● **Collected data entries**:
○ ○ ○ ○ ○ ○ ○

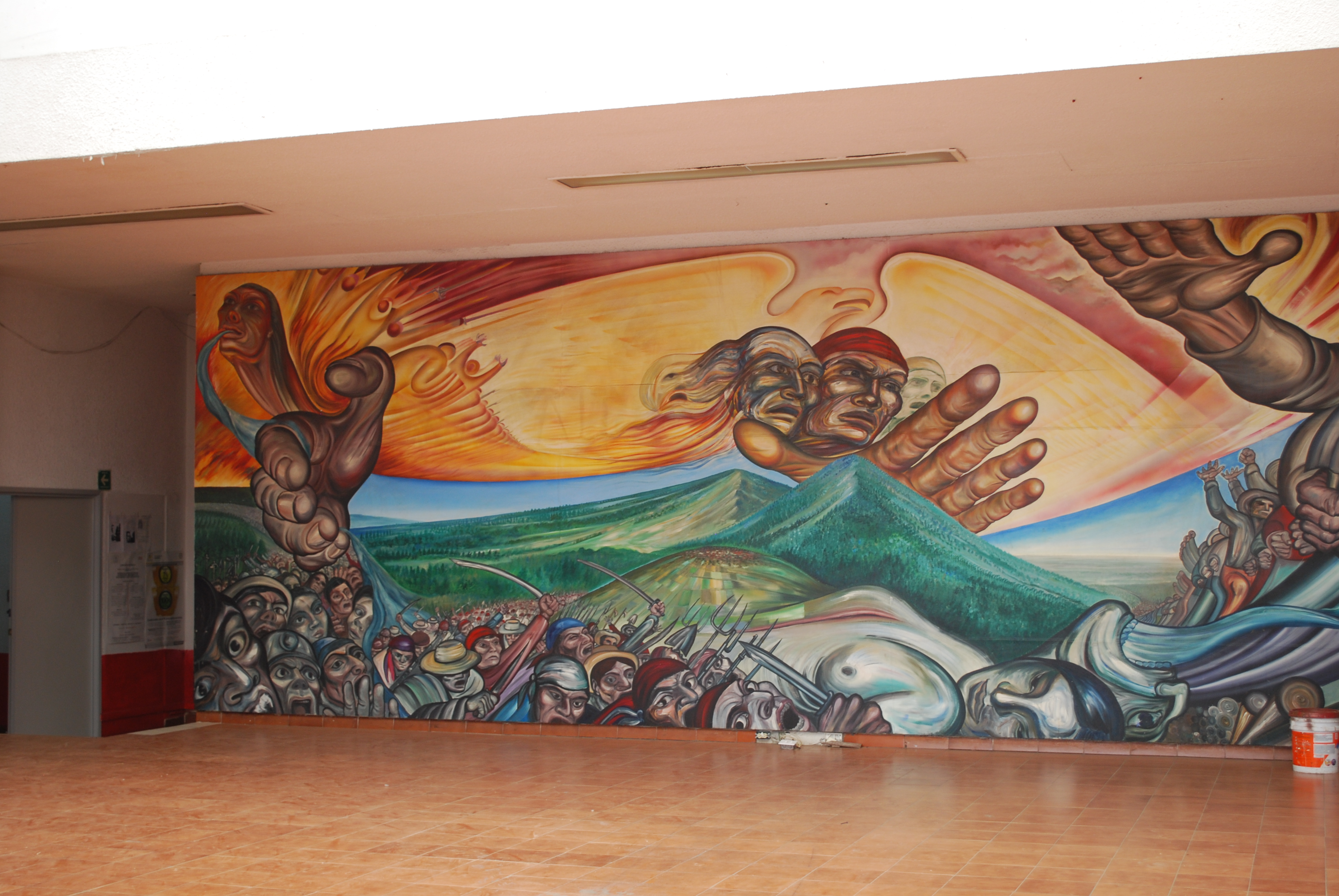 Mural of the Cuajimalpa Cultural Center in Cuajimalpa, Mexico City
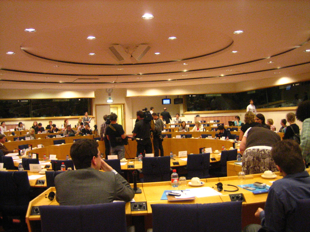 A Committee Room in the European Parliament (Brussels)
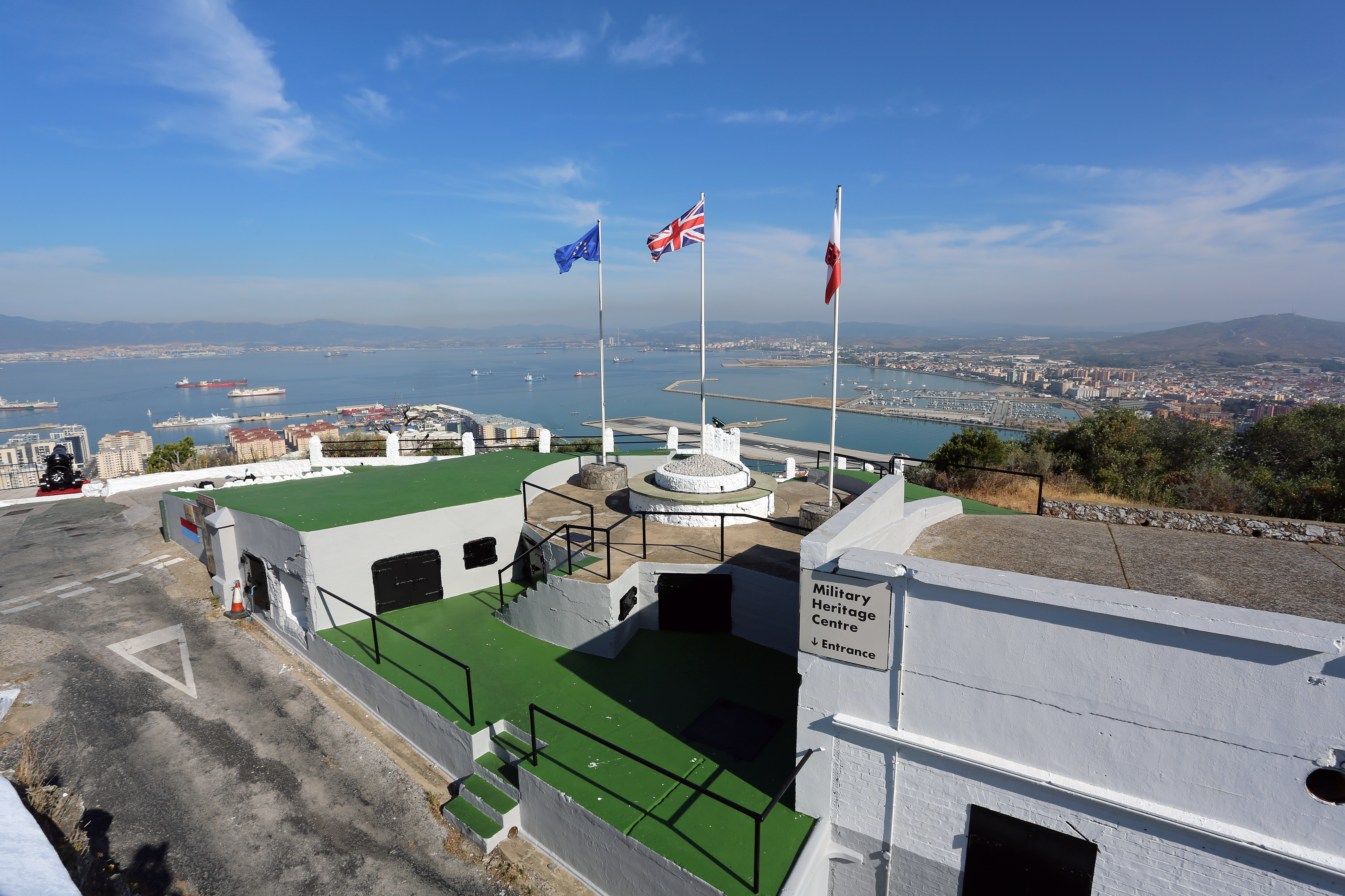 Princess Caroline's Battery was originally built in 1732 and was updated in 1905 when a 6 inch Mark VII gun was mounted above the magazine.
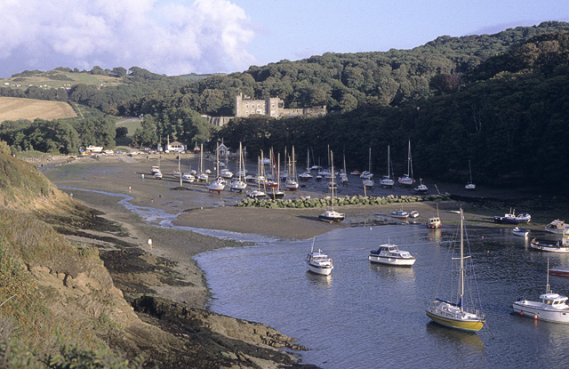 Watermouth Bay and Castle, Devon
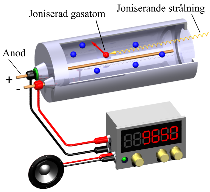 A Geiger-Muller counter
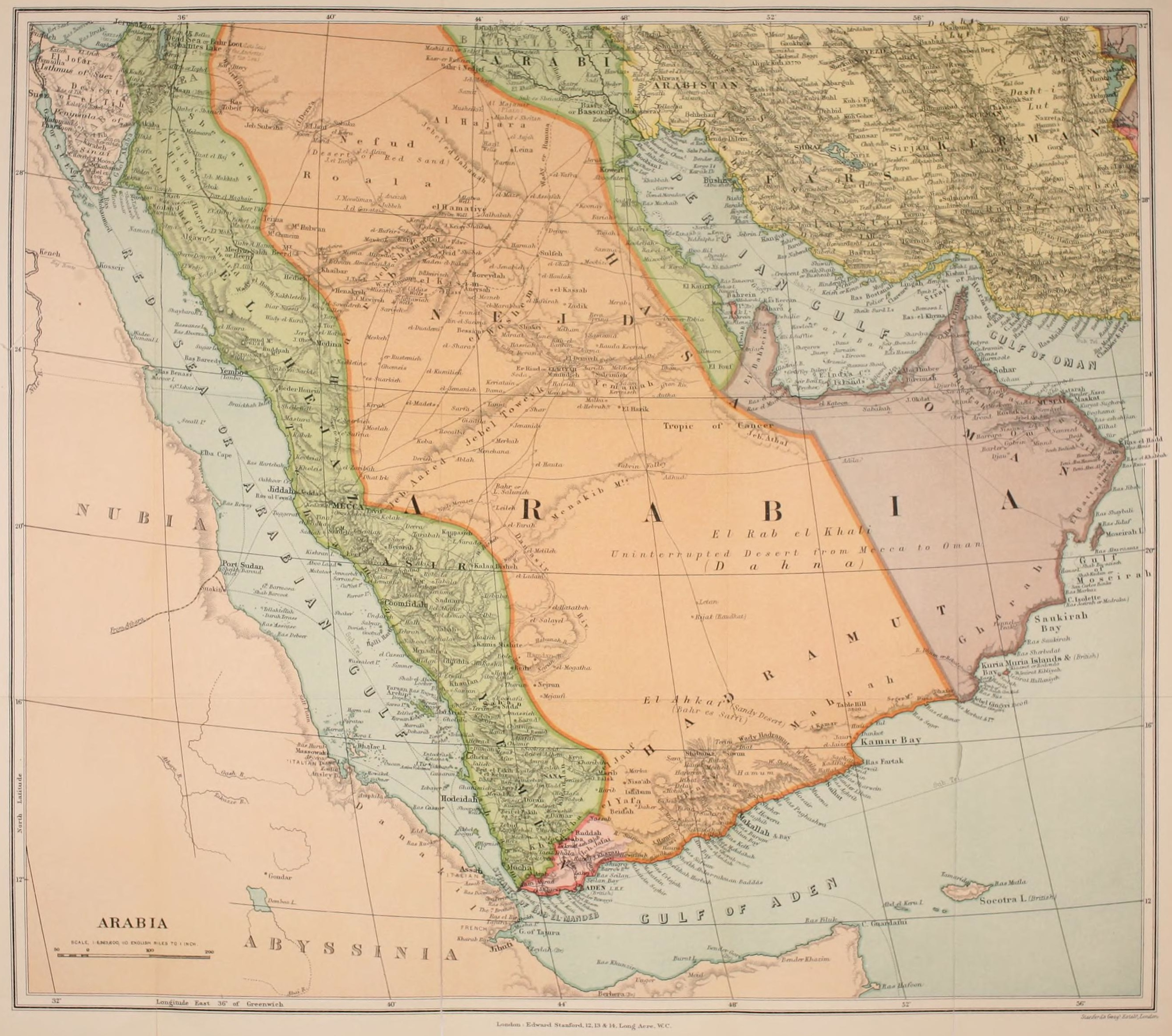 Map of Arabia, early 20th century (before 1909)
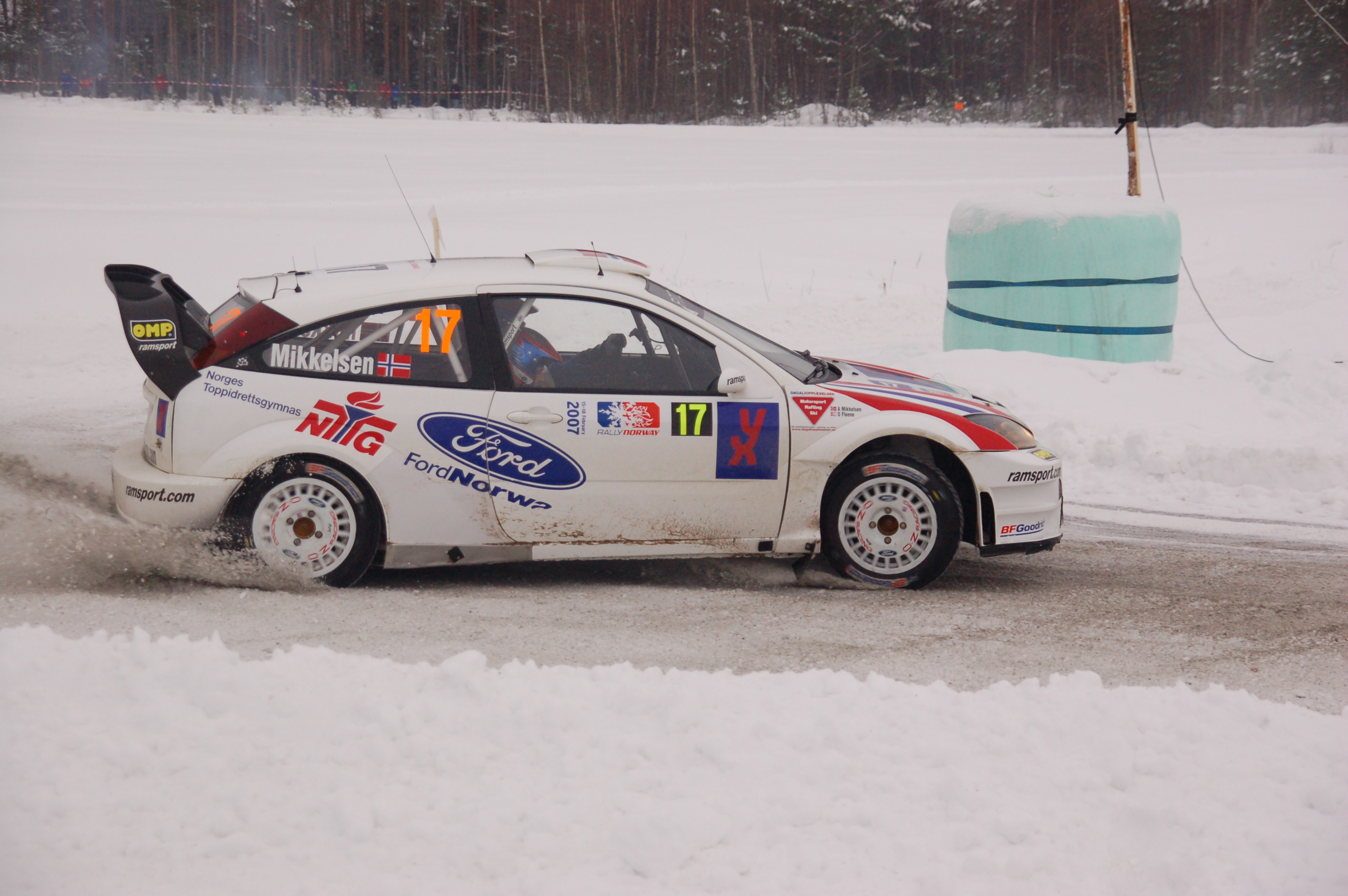 Andreas Mikkelsen during Rally Norway 2007

○ ○ ○ ○ ○ ○ ○

● **DESCRIPTION OF THE TASK**: Write out each line exactly, from the one containing "A Committee Room" through the end of the entries, and skip the pictures.

● **ANSWER SECTION**:
 A Committee Room in the European Parliament (Brussels)
 Princess Caroline's Battery was originally built in 1732 and was updated in 1905 when a 6 inch Mark VII gun was mounted above the magazine.
 Watermouth Bay and Castle, Devon
 A Geiger-Muller counter
 Map of Arabia, early 20th century (before 1909)
 Andreas Mikkelsen during Rally Norway 2007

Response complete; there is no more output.